If you simply address the topography of the behavior and not the function, you may get rid of that behavior, but another behavior, possibly MORE annoying, will show up in its place because the function is still in need.

Way to do this?

My way is simple. Figure out why the child is doing the behavior. Give the child a better way to achieve the same purpose. When the behavior does occur, give the child a choice–appropriate behavior gets more than inappropriate behavior.

Some examples: Child doesn’t want to clean up (escape), throws tantrum. Time-out would be silly option because that would mean getting to leave the situation and that is what he wants! Teach child to calmly express desire not to clean up (more efficient and appropriate). At first, the child gets rewarded for using words by not having to clean up. Gradually, you increase the amount expected of child before escape. Maybe it’s “OK, first put away these two things, and then you can be done.” Then it’s “OK, but you need to put all the puzzles away first.” And so forth until you stamp out the tantrums and have a communicating, cooperating child left.

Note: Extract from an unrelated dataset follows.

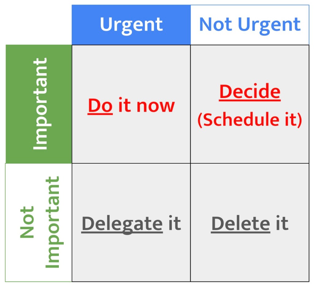 I’m dipping into productivity again, but consider the Eisenhower matrix: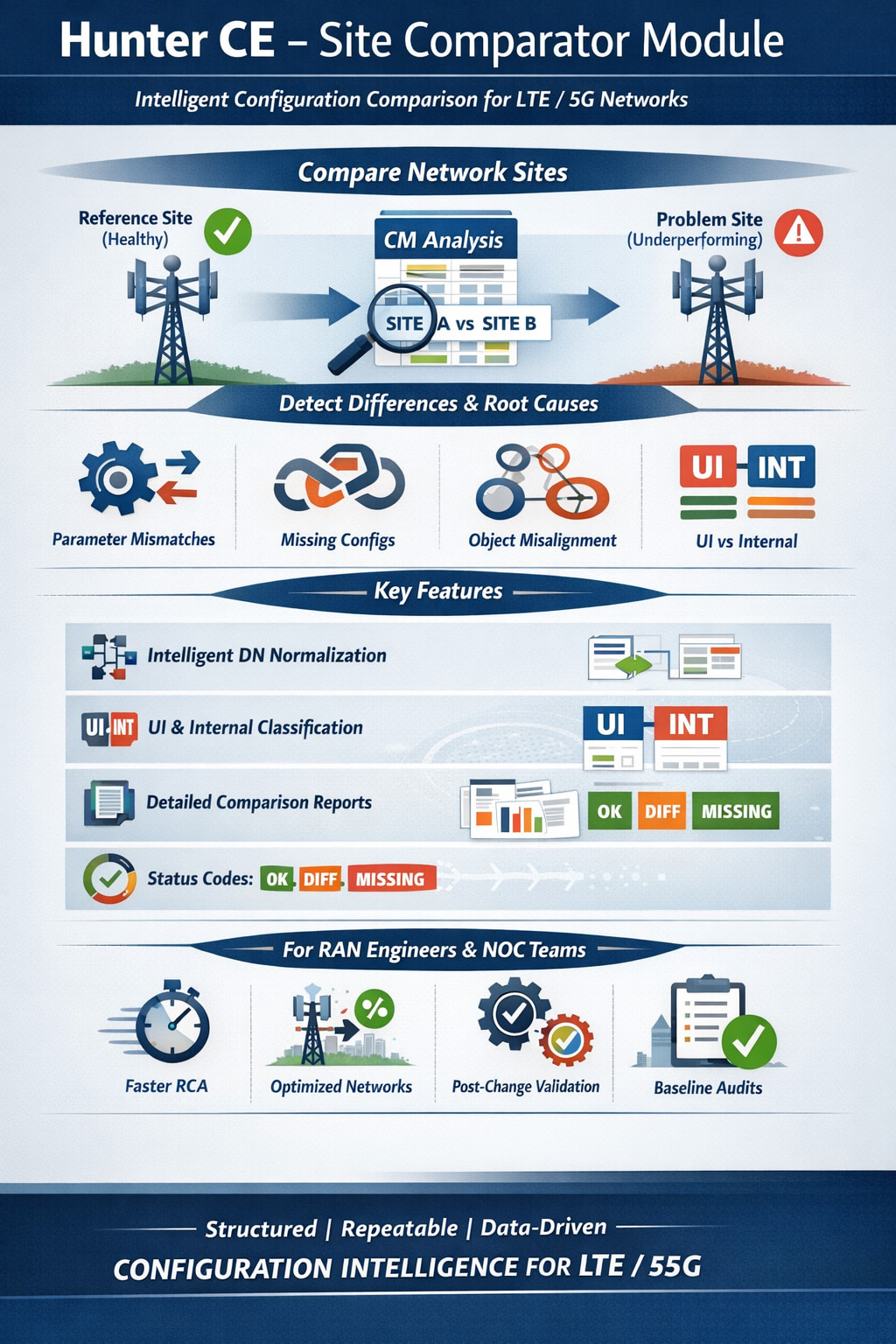 The Hunter Site Comparator is a configuration analysis module designed to compare two network sites - typically one “healthy” (reference) site and one “problematic” site - using consolidated configuration data (CM).

Child seeks another child’s attention by bopping them on the head (attention). Getting mad at the child would then give the child the attention he’s seeking. Teach the child how to use words for attention. That might mean following the child around at first and when you see the hand come up, stop it, and give the words for the child to say. Then, the request must be honored. If the other child isn’t willing, then you must lavish the child with attention. If you miss a chance and hitting does occur, the consequence should be just the opposite of what he was seeking. Time-out might be good in this case! Complete removal from attention. no talking. No eye contact. Complete silence during time-out time. Then, bring the child back to the situation and have him do it again appropriately so he can see how it gets him what he wants.

I could go on forever, but you get the idea. Figure out why the behavior is occuring and teach the child how to get the same thing more appropriately. If the behavior occurs, I have the philosophy that that will get the child the exact opposite of what he was after. If he wanted attention, he gets none. If he wanted to escape, I can wait him out until he does.

For my son, he usually just needs a choice. He may not want to do something and engages in arguing and backtalk. His choice? He can speak calmly and have less to do, or he can engage in that behavior and still have to do it all and lose his video game time. For him, that’s what works.

Here is a 6-step problem-solving process for challenging behavior (Janny, Black, Ferio, 1989).

1. Define the problem. If there are several problems, decide which one you want to address first and stick to that.

2. Gather information. Consider who is there when it happens, what is going on at the time, when does it happen, where does it happen.

3. Develop a theory. Make your best guess as to why the child is doing it.

4. Make a plan. Prevent, teach, react. Change some of the who, what, when, where that triggers the behavior. Teach the child a new way to achieve the same function. React when it does happen in a more helpful way.

5. Use the plan. Stick with it!

6. Reconsider the plan. Is it working? Change it as needed, but give it a week or two before you decide it’s not working.